Tax suspect defends accounting move
By David Waite
Advertiser Staff Writer
The trial of Honolulu businessman Michael Boulware on tax evasion and bank fraud charges continued yesterday with Assistant U.S. Attorney Edward Groves poring over nearly a decade of personal and corporate tax returns filed by Boulware and his company, Hawaiian Isle Enterprises.
The prosecution contends that Boulware intentionally failed to report more than $10 million in personal income from 1989 to 1997 while his tobacco sales, vending machine, coffee service and bottled water operations had annual sales of as much as $88 million.
He is on trial in federal court on 14 criminal counts, including tax evasion, conspiracy and bank fraud.
His attorneys maintain, however, that Boulware believed he did not have to report the $10 million in personal income, believing it belonged to his company and was taxed through its corporate returns.
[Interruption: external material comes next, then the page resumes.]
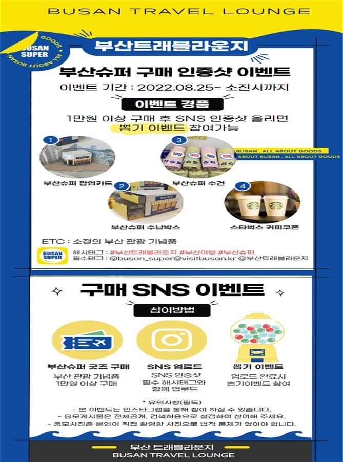 이와 함께, 시는 부산관광공사와 오는 10월 30일까지 팝업스토어 <부산슈퍼>를 부산트래블라운지 1·2층에서 운영한다. <부산슈퍼>에서는 관광스타트업의 판로를 지원하고 부산 여행객들에게 이색적인 기념품을 선보일 예정이다.

During portions of the trial yesterday, the defense portrayed Boulware as a savvy sales and marketing expert who knew next to nothing about tax matters and relied heavily on attorneys, accountants and tax preparers for advice.
In his opening statement Tuesday, Groves had said Boulware used the help of business associates including state Rep. Nathan Suzuki, D-31 (Salt Lake, Moanalua) a former comptroller at Hawaiian Isles to set up overseas operations in Tonga and elsewhere to try to mask the diversion of company revenues to himself.
Suzuki has denied any wrongdoing in the matter.
In November 2000, the lawmaker acknowledged that he had been called before a federal grand jury and questioned about accounting work he did for Boulware's attorneys.
In his testimony yesterday, Merwyn Manago, current Hawaiian Isle comptroller, said he had joined the company in 1988, filling the position vacated by Suzuki. He said Suzuki supplied information used to prepare Hawaiian Isle's corporate tax returns for several years in the mid-1990s, although he had left the firm in 1988, and made several bookkeeping journal amendments during that time.
Manago said Suzuki provided an accounting program for Hawaiian Isle to underreport the amounts paid for wholesale goods from 1989 to 1997. The company appeared to make greater profits than it actually did, resulting in higher corporate taxes, Manago said. But it avoided paying an estimated $20 million in state tobacco taxes during the nine-year period.
Manago said Boulware believed the company had overpaid state tobacco taxes from 1980 through 1988, and that the accounting change was a way to recoup lost revenues. He said state tax officials were not aware of the accounting change.
Suzuki and his attorney could not be reached yesterday for comment.
The corporate returns discussed in court yesterday showed that during the period in question, Boulware received an annual salary as president of Hawaiian Isle Enterprises ranging from nothing to more than $1 million. During the same period, his wife, listed as corporate secretary, was paid $100,000 to $300,000, the returns showed.
The trial before Judge Edward Rafeedie of Los Angeles is expected to last about three weeks.